We describe the writing of two test cases, covering both situations: the
sender's zero-window probing and the receiver "active" window update. Our focus
will be on dealing with the reported problems, which are:

* an ns-3 receiver does not send "active" window update when its receive buffer
  is being freed;
* even if the window update is artificially crafted, the transmission does not
  resume.

However, other things should be checked in the test:

* Persistent timer setup
* Persistent timer teardown if rWnd increases

To construct the test case, one first derives from the TcpGeneralTest class:

The code is the following:

.. code-block:: c++

   TcpZeroWindowTest::TcpZeroWindowTest (const std::string &desc)
      : TcpGeneralTest (desc)
   {
   }

Then, one should define the general parameters for the TCP connection, which
will be one-sided (one node is acting as SENDER, while the other is acting as
RECEIVER):

* Application packet size set to 500, and 20 packets in total (meaning a stream
  of 10k bytes)
* Segment size for both SENDER and RECEIVER set to 500 bytes
* Initial slow start threshold set to UINT32_MAX
* Initial congestion window for the SENDER set to 10 segments (5000 bytes)
* Congestion control: NewReno

We have also to define the link properties, because the above definition does
not work for every combination of propagation delay and sender application behavior.

* Link one-way propagation delay: 50 ms
* Application packet generation interval: 10 ms
* Application starting time: 20 s after the starting point

To define the properties of the environment (e.g. properties which should be
set before the object creation, such as propagation delay) one next implements
the method ConfigureEnvironment:

.. code-block:: c++

   void
   TcpZeroWindowTest::ConfigureEnvironment ()
   {
     TcpGeneralTest::ConfigureEnvironment ();
     SetAppPktCount (20);
     SetMTU (500);
     SetTransmitStart (Seconds (2.0));
     SetPropagationDelay (MilliSeconds (50));
   }

For other properties, set after the object creation, one can use 
ConfigureProperties ().
The difference is that some values, such as initial congestion window
or initial slow start threshold, are applicable only to a single instance, not
to every instance we have.

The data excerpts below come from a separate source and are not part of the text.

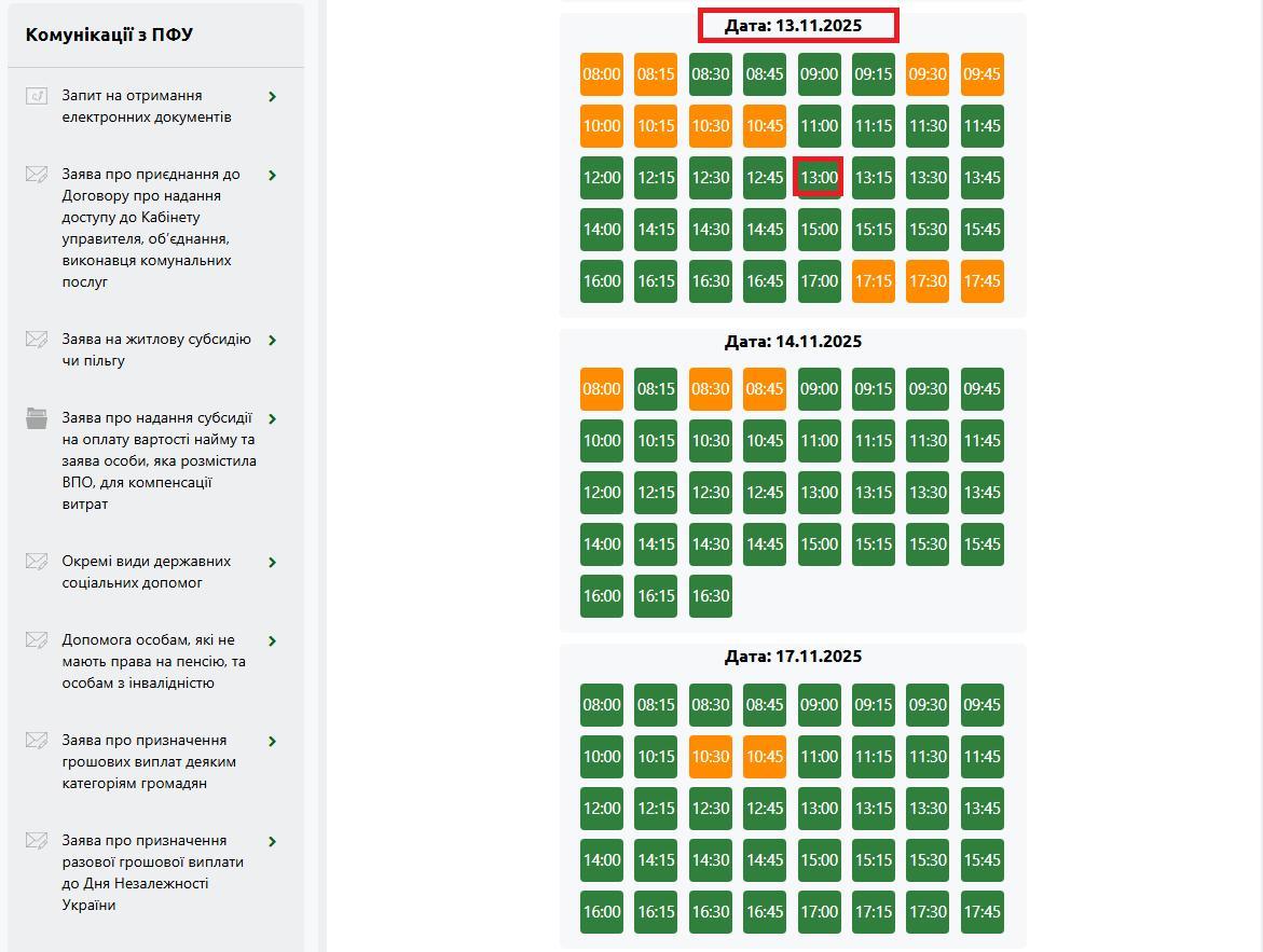 6. Із запропонованих варіантів оберіть зручні день і час для відвідування сервісного центру Пенсійного фонду України. Запис здійснюється, починаючи з наступного робочого дня (за наявності вільних місць), не більше ніж протягом місяця.
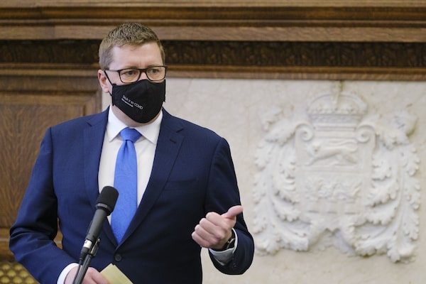 Saskatchewan Premier Scott Moe speaks in Regina, on April 6.Michael Bell/The Canadian Press
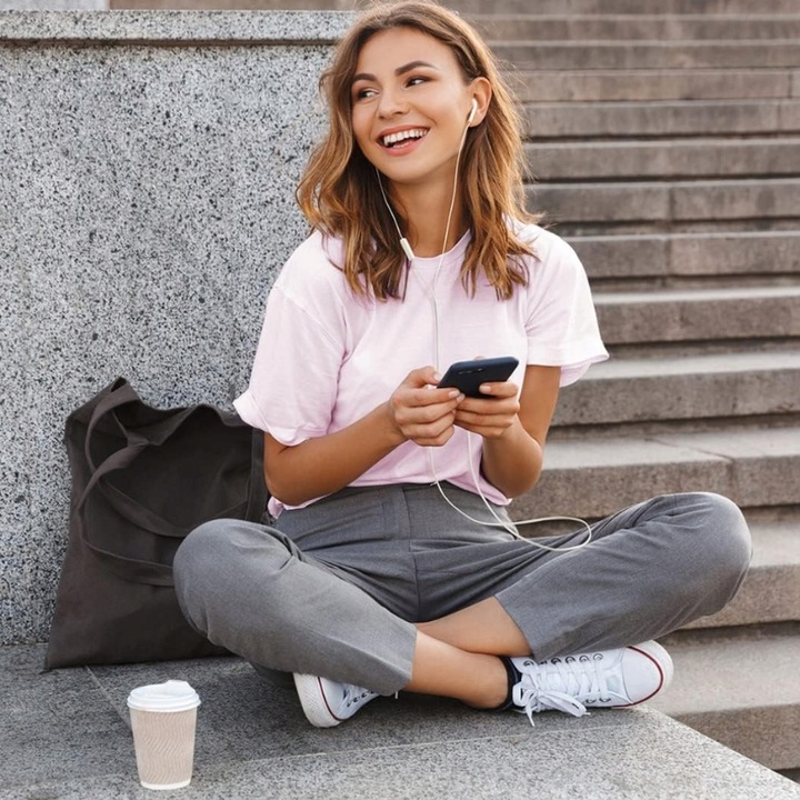 Wysokiej jakości słuchawki stereo kompatybilne z urządzeniami Android i iOS, zapewniające czysty dźwięk i doskonałą jakość rozmów. Idealne do codziennego użytku, od rozmów telefonicznych po słuchanie muzyki.
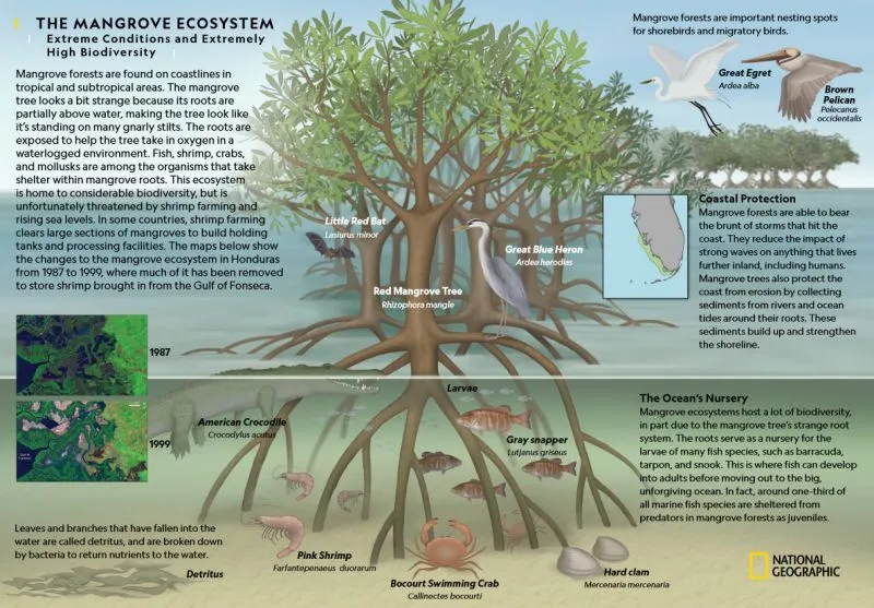 맹그로브 숲은 열대 및 아열대 지역의 해안선에서 발견되며, 극한 환경에서도 높은 생물 다양성을 보인다. 맹그로브 나무는 부분적으로 물 위에 뿌리를 드러내고 있어 마치 물 위에 떠 있는 듯한 모습이다. 이 뿌리들은 산소 공급을 돕고, 물이 많은 환경에서도 살아갈 수 있도록 한다. 맹그로브 숲은 물고기, 새우, 게, 연체동물 등의 서식지 역할을 하며, 다양한 해양 생물에게 은신처를 제공한다.

Usually, methods that requires an id and a value
are meant to be called inside ConfigureProperties (). Please see the Doxygen
documentation for an exhaustive list of the tunable properties.

.. code-block:: c++

   void
   TcpZeroWindowTest::ConfigureProperties ()
   {
     TcpGeneralTest::ConfigureProperties ();
     SetInitialCwnd (SENDER, 10);
   }

To see the default value for the experiment, please see the implementation of
both methods inside TcpGeneralTest class.

.. note::
   If some configuration parameters are missing, add a method called
   "SetSomeValue" which takes as input the value only (if it is meant to be
   called inside ConfigureEnvironment) or the socket and the value (if it is
   meant to be called inside ConfigureProperties).

To define a zero-window situation, we choose (by design) to initiate the connection
with a 0-byte rx buffer. This implies that the RECEIVER, in its first SYN-ACK,
advertises a zero window. This can be accomplished by implementing the method
CreateReceiverSocket, setting an Rx buffer value of 0 bytes (at line 6 of the
following code):

.. code-block:: c++
   :linenos:
   :emphasize-lines: 6,7,8

   Ptr<TcpSocketMsgBase>
   TcpZeroWindowTest::CreateReceiverSocket (Ptr<Node> node)
   {
     Ptr<TcpSocketMsgBase> socket = TcpGeneralTest::CreateReceiverSocket (node);

     socket->SetAttribute("RcvBufSize", UintegerValue (0));
     Simulator::Schedule (Seconds (10.0),
                          &TcpZeroWindowTest::IncreaseBufSize, this);

     return socket;
   }

Even so, to check the active window update, we should schedule an increase
of the buffer size. We do this at line 7 and 8, scheduling the function
IncreaseBufSize.

.. code-block:: c++

   void
   TcpZeroWindowTest::IncreaseBufSize ()
   {
     SetRcvBufSize (RECEIVER, 2500);
   }

Which utilizes the SetRcvBufSize method to edit the RxBuffer object of the
RECEIVER. As said before, check the Doxygen documentation for class TcpGeneralTest
to be aware of the various possibilities that it offers.

.. note::
   By design, we choose to maintain a close relationship between TcpSocketBase
   and TcpGeneralTest: they are connected by a friendship relation. Since
   friendship is not passed through inheritance, if one discovers that one
   needs to access or to modify a private (or protected) member of TcpSocketBase,
   one can do so by adding a method in the class TcpGeneralSocket. An example
   of such method is SetRcvBufSize, which allows TcpGeneralSocket subclasses
   to forcefully set the RxBuffer size.

   .. code-block:: c++

      void
      TcpGeneralTest::SetRcvBufSize (SocketWho who, uint32_t size)
      {
        if (who == SENDER)
          {
            m_senderSocket->SetRcvBufSize (size);
          }
        else if (who == RECEIVER)
          {
            m_receiverSocket->SetRcvBufSize (size);
          }
        else
          {
            NS_FATAL_ERROR ("Not defined");
          }
      }

Next, we can start to follow the TCP connection:

#. At time 0.0 s the connection is opened sender side, with a SYN packet sent from
   SENDER to RECEIVER
#. At time 0.05 s the RECEIVER gets the SYN and replies with a SYN-ACK
#. At time 0.10 s the SENDER gets the SYN-ACK and replies with a SYN.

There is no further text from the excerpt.